Print nothing except the line holding "SUZUKI EVERY WAGON JP - лот 4183" and the lines that come after it in the material below, and leave the pictures out.

= Collected material =

========

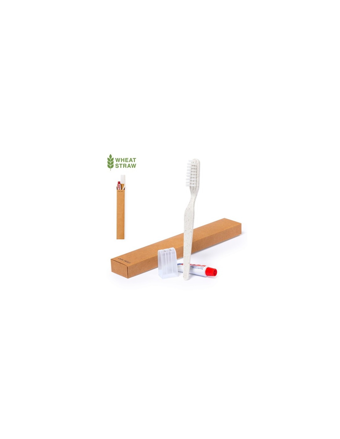 Set dental con cepillo de dientes y pasta dentífrica. Contenido:Cepillo de dientes fabricado en caña de trigo, para así fomentar la utilización de materias primas naturales y reducir las emisiones contaminantes.Pasta dentífrica en tubo de 6 gr, con tapón a rosca.Set presentado en estuche individual de cartón reciclado. Cepillo Dientes Caña de Trigo/ PP. Pasta Dentífrica 6 gr
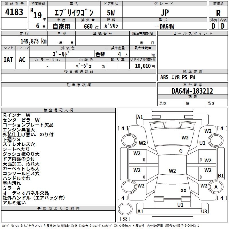 SUZUKI EVERY WAGON JP - лот 4183
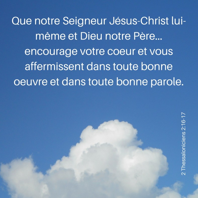 Cet article, publié dans 2Thessaloniciens, est tagué affermir, coeur, Dieu, Jésus-Christ, oeuvre, parole. Ajoutez ce permalien à vos favoris.

========

= Task result =
 SUZUKI EVERY WAGON JP - лот 4183
 Cet article, publié dans 2Thessaloniciens, est tagué affermir, coeur, Dieu, Jésus-Christ, oeuvre, parole. Ajoutez ce permalien à vos favoris.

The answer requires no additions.